Roosters and capons are heavier than hens and can weigh from 2.5 to 3.0 kilograms. A typical red-eyed and red-faced rooster has a small head, white and small earlobes with white to meat-like short and strong beak. A rooster's medium-sized and accurately toothed comb is simple (single) and set upright, while its wattle is intensively red and can reach short to medium sizes. Males have a less pronounced tassel built of a few long feathers.
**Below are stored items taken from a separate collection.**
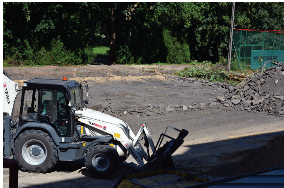
Budowa kanalizacji deszczowej na terenie ILO
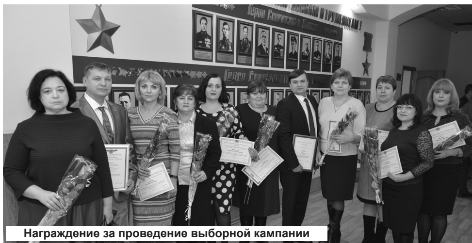
Награждение за проведение выборной кампании
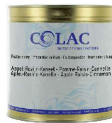
Jabłko, rodzynki, cynamon
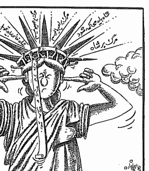
قتل از کیهان - ۲۲ آبان ۱۳۵۸

مردمی مومن به انقلاب دارند، امیدوار هستیم که شورای انقلاب با الهام از خواست‌های امام و توده‌های مستضعف، صمیمانه وسازگانه خود را آماده ایفای مسئولیت بزرگ خود سازد، بدیهی است که اگر شورا همچنان با ترکیب و پیشبرد عملکرد و مشی گذشته به کار خود ادامه دهد، بسا موقعیت روبرو نخواهد شد. از این رو اصلاح روش و ترکیب و نحوه عمل پیشین را باید دست لوجه دستور کار خود قرار دهد.
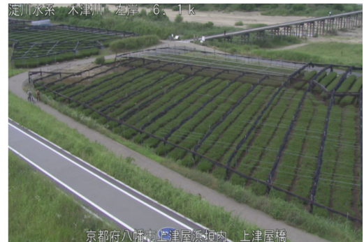
Sample view at Kouzuyabashi

There are cameras placed at nearby rivers in Joyo. You can check water levels during heavy rain using these cameras so please use them to help prepare for evacuation in the event of an emergency. The views can also be enjoyed during non-emergencies. Please be aware that some cameras do not operate well at night.
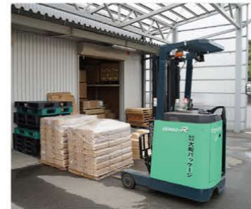
【写真上】色も形も素材も多種多様なパッケージがずらり。私たちがお店で日常的に見かける商品パッケージもたくさんあります。【写真下】敷地内にある工場では、和歌山トヨタグループのI&Fのフォークリフトが活躍中!
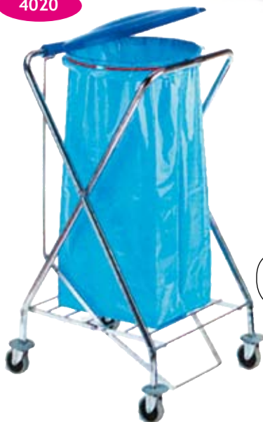
Carrello tondo con coperchio a pedale cromato
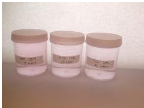
Gambar 32. Hasil Adsorpsi ( KOH 20 %)
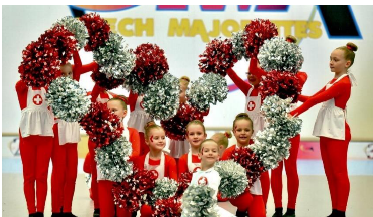
Obrázek 5 - Obrázek z třásní, zdroj: vlastní obrázek

Do práce s náčiním zahrnujeme i různé obrazce vytvořené za pomoci třásní (viz Obrázek 5 – Obrázek z třásní, zdroj: vlastní obrázek). Mimo jiné v soutěžní disciplíně baton lze očekávat rozmanité výhozy s hůlkou, kterým skupina získává vyšší ohodnocení své sestavy (viz Obrázek 6 – Výhoz s hůlkou, zdroj: vlastní obrázek).
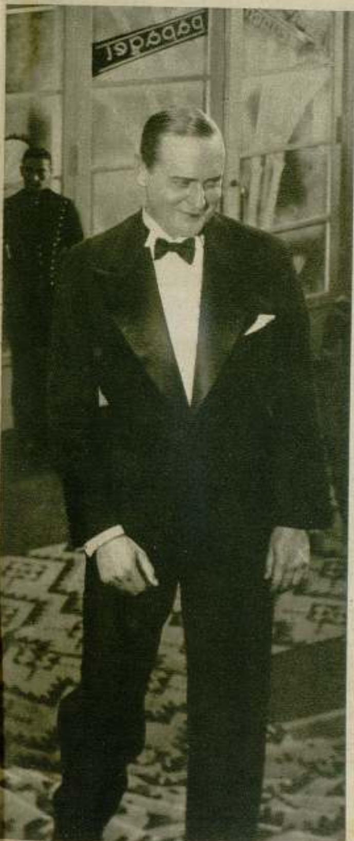
Actitud y expresión muy características de Harry Liedtke

Airo, atlético, de movimientos rígidos y ademanes correctos. Sus ojos azules tienen reflejada la candidez, la ingenuidad; su cabello rubio y su cara anfiada le dan un aspecto de niño encaramado en el pedestal de la popularidad, y que tiene ya cerca de sus manos la golosina de la Gloria. Así me creo ver a Harry Liedtke cuando me recibe en el umbral de su casa, un hotelito, en las afueras de la gran urbe, un

A rooster's brown-red neck should be medium long and straight. Black-coloured and wide chest is well-rounded and deep. Its dark red back is long and relatively wide, rooster's saddle and shoulders are of dark red colour, while its wings are black with a brown margin. A rooster has a crammed, high and wide tail with shiny black and wide sickle-curved feathers. Animal's medium-sized white legs are thin and naked, with thighs often poorly visible. Its legs can be covered with occasional red spots on the sides and in between toes.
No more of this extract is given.